Bei einem gemeinsamen Pressegespräch am Mittwoch sagte Ullmann, das Konzept sei „verhältnismäßig, angemessen und effektiv“. Die Impfberatung solle „idealerweise“ in einem Impfzentrum erfolgen. Auf diese Weise schütze man das hausärztliche System vor Überlastung.
Höhe der Impfrate? Evaluation dazu im Spätsommer
Die Frage der Einführung einer Impfpflicht ab 50 jetzt schon an eine bestimmte Impfrate zu knüpfen, sei schwierig, so Ullmann. „Heute zu sagen, wir brauchen im Herbst eine Impfquote von 95 Prozent, ist wenig seriös.“ Näheres solle die für den Spätsommer geplante Überprüfung der Regelung ergeben. Bis dahin sei die weitere Entwicklung der Pandemie abzuwarten, ebenso die Frage, ob sich neue Virusvarianten ausbildeten.

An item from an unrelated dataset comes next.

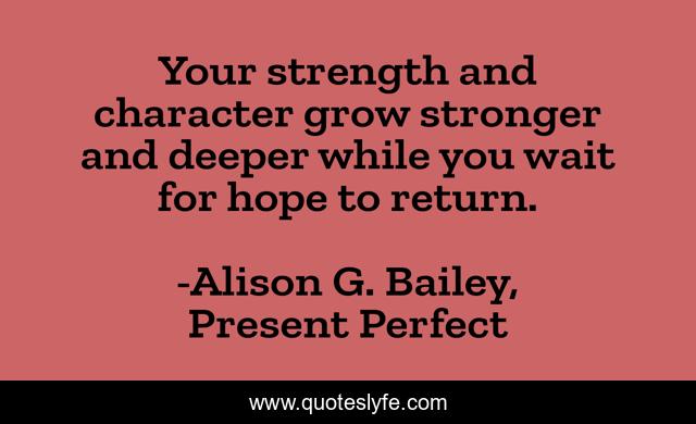 This page presents the quote "Your strength and character grow stronger and deeper while you wait for hope to return.". Author of this quote is Alison G. Bailey, Present Perfect. This quote is about strength, experience, hope,.

Kuhle widersprach dem Eindruck, Beratungs- oder Impfpflicht stellten eine Fortsetzung pandemiebedingter Freiheitsbeschränkungen dar. Die Impfung sei vielmehr der Weg, um die Beschränkungen zu beenden.
Der Bundestag will die Frage einer Corona-Impfpflicht und die dazu bislang vorliegenden vier Gruppenanträge im März beraten und beschließen. Ullmann betonte, es sei noch kein „Modus Vivendi“ gefunden worden, in welcher Reihenfolge die Anträge abgestimmt würden.

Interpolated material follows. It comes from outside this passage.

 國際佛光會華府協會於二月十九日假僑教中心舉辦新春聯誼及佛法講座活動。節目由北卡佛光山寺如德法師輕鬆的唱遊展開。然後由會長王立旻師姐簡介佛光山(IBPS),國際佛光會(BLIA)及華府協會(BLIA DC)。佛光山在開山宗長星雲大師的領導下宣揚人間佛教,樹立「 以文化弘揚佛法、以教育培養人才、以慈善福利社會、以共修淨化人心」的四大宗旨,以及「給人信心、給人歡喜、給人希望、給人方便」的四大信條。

Kuhle verwies in diesem Zusammenhang auf das 2020 verabschiedete Organspendegesetz. Damals sei der inhaltlich schärfste Antrag als erstes zur Abstimmung gestellt worden – im Anschluss daran die abgestuften Varianten. Das könne Blaupause für die Impfdebatte im Parlament sein.